At the outskirts of the quiet, quaint village of Ballyferriter on the tip of the Dingle Peninsula, there is a site called ‘Dún an Oir’ or ‘Fort Del Oro’ and it is the location where one of the bloodiest events in Irish history took place, where troops from Spain and Italy along with Irish men and women suffered a violent death at the hands of the English. These Spanish and Italian troops had been sent to Ireland by Pope Gregory in support of the Irish in the second Desmond Rebellion in 1580. About 600 of them landed in Smerwick harbour, near Ballyferriter and began to build new fortifications on the site. However, they were stopped before they could complete this work. A small force of English ships blockaded them at sea and enemy Ormond prevented them from moving inland. Blocked on either side, their leader, San Giuseppe led the men to the cliff top fort at Dún an Óir.
Shortly afterwards, under the command of Lord Lieutenant Grey de Wilton, some 4,000 English men undertook a siege and quickly broke down the defences of the fort. The story goes that over the course of three days, all the Italian and Spanish troops were killed, along with the Irish men and women. It has been said that the English spent two days decapitating the victims and throwing their bodies into the sea. They then lined the heads up in a nearby field. It is now widely said that the field where the massacre took place is known as ‘Gort an Ghearradh’ (Field of the Cutting), and the field where the heads are buried is known as ‘Gort na gCeann’ (Field of the Heads).
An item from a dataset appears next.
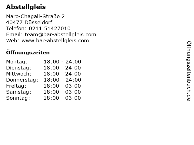 | Öffnungszeiten Abstellgleis in Düsseldorf anzeigen | |

So, there you go…slightly gory for a Friday afternoon but an interesting tale nonetheless! The site of this awful massacre is however, one of beauty and the area where the fort once was looks out onto the Atlantic Ocean. The site is a national monument and is maintained by the Office of Public Works. A stone monument with twelve heads was erected at the site in memory of those that lost their lives in this spot in 1580. It is certainly an interesting story, and one that may not be known to many people. The Dún an Óir site is not too far off the main Slea Head Drive route, so it is easy to visit when travelling around the west of the Dingle Peninsula.
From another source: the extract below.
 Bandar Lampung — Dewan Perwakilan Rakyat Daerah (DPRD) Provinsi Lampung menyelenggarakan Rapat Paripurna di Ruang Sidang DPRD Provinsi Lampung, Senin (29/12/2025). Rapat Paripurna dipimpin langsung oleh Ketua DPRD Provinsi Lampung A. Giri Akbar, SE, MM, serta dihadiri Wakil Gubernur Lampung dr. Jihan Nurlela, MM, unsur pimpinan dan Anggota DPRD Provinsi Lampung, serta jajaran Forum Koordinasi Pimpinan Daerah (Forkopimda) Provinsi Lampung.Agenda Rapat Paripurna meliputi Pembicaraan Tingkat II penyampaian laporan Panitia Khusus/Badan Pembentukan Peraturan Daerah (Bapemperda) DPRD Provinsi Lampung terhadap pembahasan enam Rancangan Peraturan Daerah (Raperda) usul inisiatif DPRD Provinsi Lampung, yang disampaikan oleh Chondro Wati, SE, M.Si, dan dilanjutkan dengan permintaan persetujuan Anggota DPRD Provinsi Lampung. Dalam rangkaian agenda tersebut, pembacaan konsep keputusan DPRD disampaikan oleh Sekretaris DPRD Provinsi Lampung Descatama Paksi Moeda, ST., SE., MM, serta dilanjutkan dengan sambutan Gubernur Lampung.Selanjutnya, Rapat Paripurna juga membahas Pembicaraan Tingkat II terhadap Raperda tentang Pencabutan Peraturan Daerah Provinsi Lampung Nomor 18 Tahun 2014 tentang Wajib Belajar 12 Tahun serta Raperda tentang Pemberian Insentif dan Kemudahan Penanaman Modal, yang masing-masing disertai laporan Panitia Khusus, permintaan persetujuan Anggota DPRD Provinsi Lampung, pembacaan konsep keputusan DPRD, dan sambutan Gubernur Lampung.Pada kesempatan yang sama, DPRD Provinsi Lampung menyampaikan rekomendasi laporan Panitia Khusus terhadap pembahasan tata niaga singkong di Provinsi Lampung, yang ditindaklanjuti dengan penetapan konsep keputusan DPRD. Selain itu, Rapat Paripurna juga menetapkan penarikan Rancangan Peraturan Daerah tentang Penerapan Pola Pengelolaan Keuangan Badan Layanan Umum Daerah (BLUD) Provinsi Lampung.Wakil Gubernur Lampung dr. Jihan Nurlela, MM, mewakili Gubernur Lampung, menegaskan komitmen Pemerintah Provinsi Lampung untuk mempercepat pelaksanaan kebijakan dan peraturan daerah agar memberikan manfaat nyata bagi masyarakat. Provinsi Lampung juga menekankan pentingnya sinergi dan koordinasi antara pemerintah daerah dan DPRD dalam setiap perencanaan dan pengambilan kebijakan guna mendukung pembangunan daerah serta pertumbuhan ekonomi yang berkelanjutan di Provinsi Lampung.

I hope you’ve enjoyed this week’s blog post – it is certainly a captivating tale! Dún an Óir is most definitely a worthy stop on your next trip to the Dingle Peninsula – if only to see the interesting head monument! It is quite something! The Dingle Peninsula is rich in history and heritage, and it’s nice to be able to share a piece of it with you all this week. Its important to share stories like these, so that we’re aware of this wonderful place as it was all those years ago, and to think of those who came before us. I’m not much of a history head, but I really enjoyed uncovering this story.
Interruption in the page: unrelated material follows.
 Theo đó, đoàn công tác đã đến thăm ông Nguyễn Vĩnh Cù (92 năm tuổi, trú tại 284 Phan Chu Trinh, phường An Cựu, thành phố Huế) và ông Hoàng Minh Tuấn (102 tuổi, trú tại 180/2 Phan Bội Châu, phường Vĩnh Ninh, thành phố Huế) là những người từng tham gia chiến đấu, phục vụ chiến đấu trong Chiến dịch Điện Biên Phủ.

Tá súil agam gur bhain sibh sult as scéal Dhún an Óir an tseachtain seo, fiú muna raibh sé ró-dheas in áiteanna! Tá sé tábhachtach na scéalta seo a roinnt ‘is a scapaidh, chun tuiscint a fháil ar na rudaí is na h-eachtraí a tharla in gCorca Dhuibhne ag dul siar na blianta. Go raibh míle maith agaibh as ucht teacht thar n-ais an tseachtain seo agus táim ag súil le scéal eile a roinnt libh an tseachtain seo chughainn! Fanaigí slán!